BOBBY CAME to in a dark, unfamiliar place, feeling like someone had tried to brain him with a s
ledgehammer. He brought a hand to the back of his head, half expecting to feel gray matter leaking out through a fissure in his skull, but his hand came away dry.
Please don’t tell me I have another concussion. I can’t afford to keep going to the hospital.
He blinked to clear his vision, gradually becoming aware of the crunch-crunch of receding footsteps. Dark branches reached out to each other high over his head. The lights of unseen houses were visible as glowing specks in the distance, and a shadowy male figure meandered around silhouetted tree trunks as it moved toward the light.
Bobby counted off ten seconds before trying to stand. What had just happened? He’d been inside a bar, where a man lay unconscious on the floor…
It all came back in a rush. Bobby had tried to help the fallen man, and then someone had tried to kill him.

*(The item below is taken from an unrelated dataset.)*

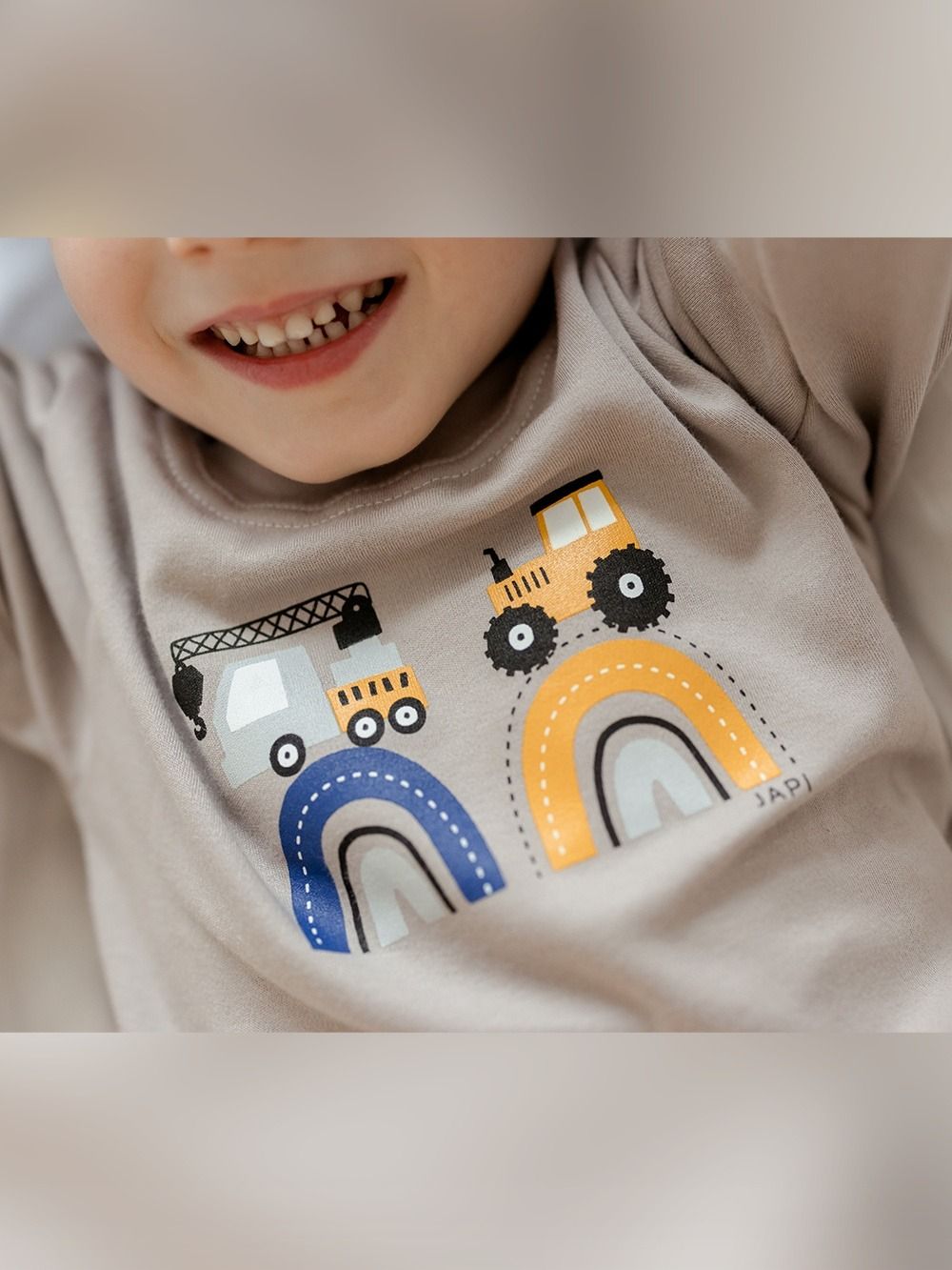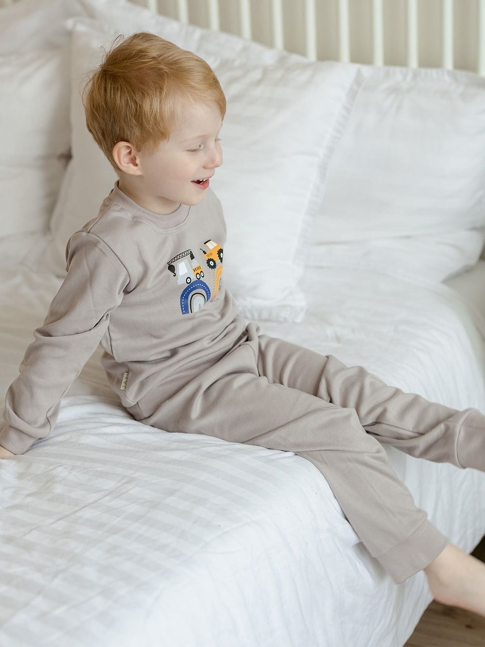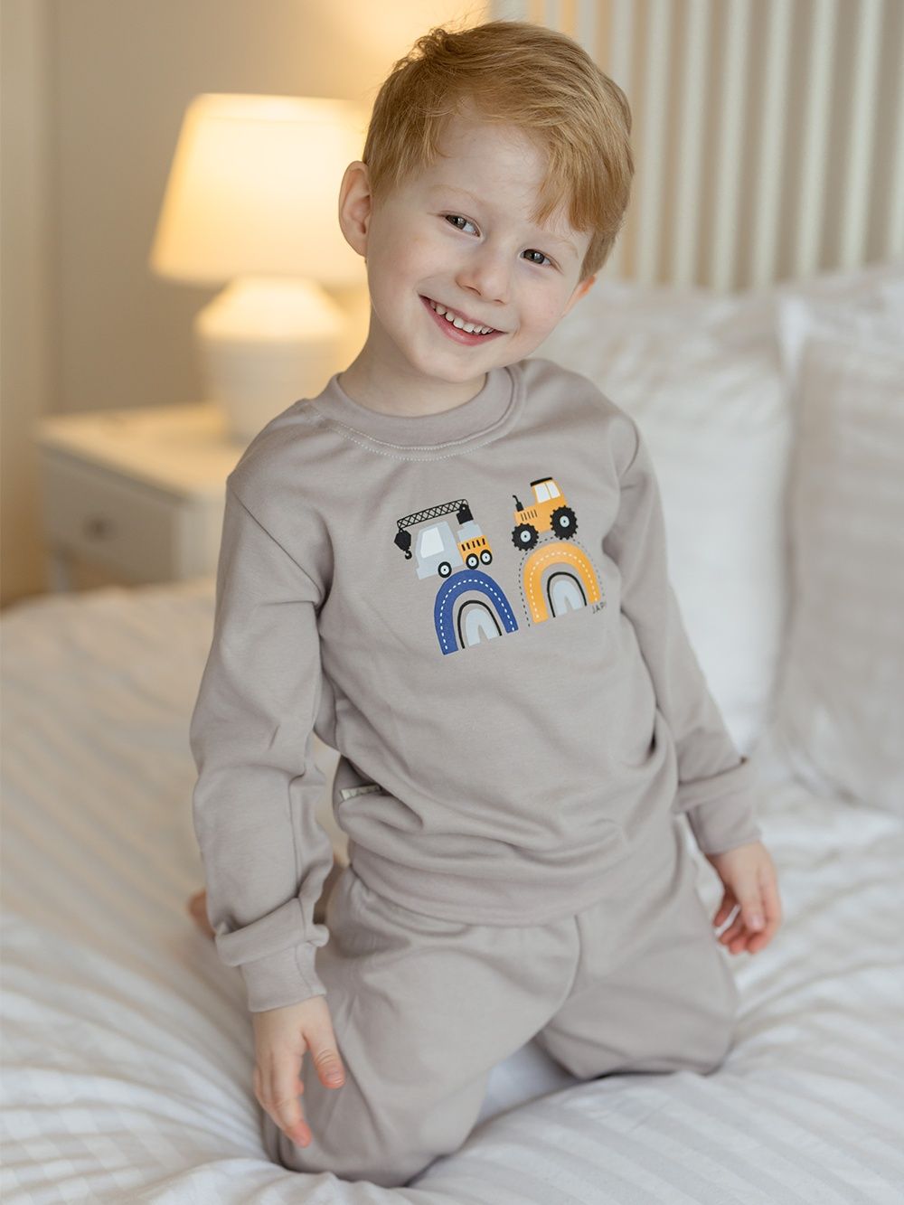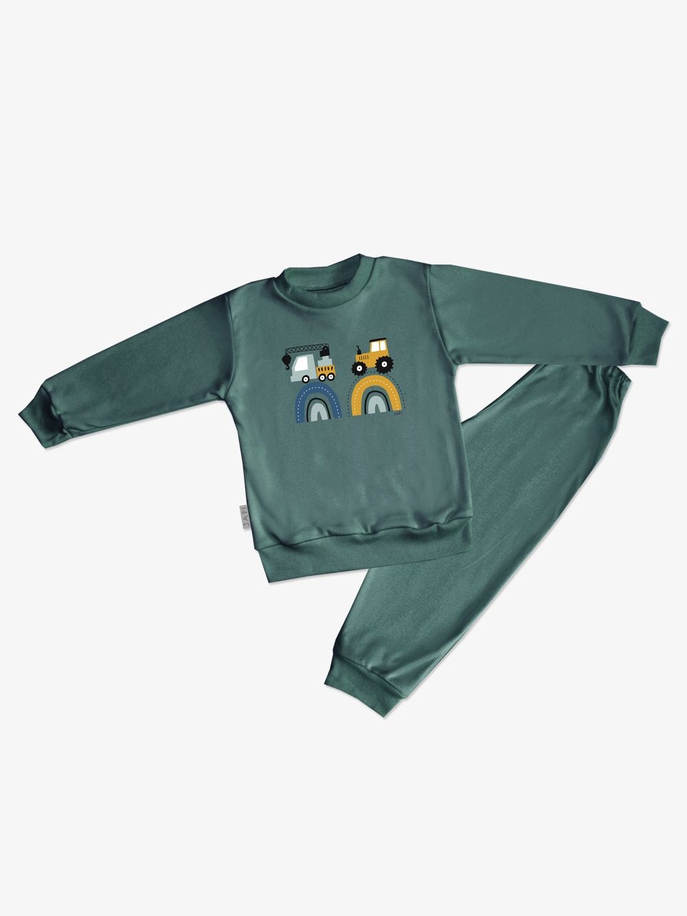 Make your little son happy with this pyjama. If he likes big cars - tractors, excavators, cranes, this pyjama will definitely not disappoint him. The pyjamas are made of 100% certified cotton fabric. It has a comfortable cut and an elastic waistband that does not press. The legs and sleeves have ribbed cuffs that keep the pyjamas in place.

Okay, maybe they hadn’t really tried. If someone wanted him dead, they would have shot him or stabbed him or kept pounding him on the head until his skull caved in.

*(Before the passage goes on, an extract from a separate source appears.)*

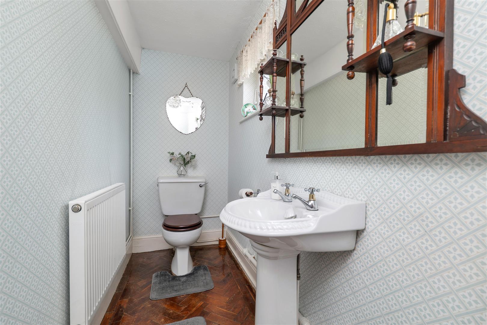 Cloakroom - With low suite WC, basin and radiator.

A more likely scenario was that Darren had snuck up behind him to give him a little scare for trying to help Henry, and then he’d hauled Bobby outside and dumped him like a skinny bag of garbage. Darren was probably even the one he’d seen walking away through the trees—if that were so, then Bobby had only been out for a couple of minutes.
Any longer than that, and he would have had to call an ambulance.
What a fine establishment Mystery Woman chose to visit.
Earlier the Spirit warned Bobby not to do anything stupid. Going back inside the bar would be the epitome of such. There had been that shadowy aura at the last second, but Bobby suspected the blow to his head made him imagine it.
He would wait for Jack outside.
Bobby turned in a wobbly circle to try to pinpoint the location of the bar. A mercury vapor lamp outside a building a short distance away illuminated painted blue cinder blocks.
Bobby brushed off his shirt and pants and set off toward it like a moth drawn to a bug zapper.
He walked in a weaving line back to the video rental lot and clambered into his Nissan, then monitored the bar’s front door for well over half an hour. It felt like his skull had sprouted a lump the size of a golf ball. He’d be sleeping with an icepack tonight if he ever made it to bed.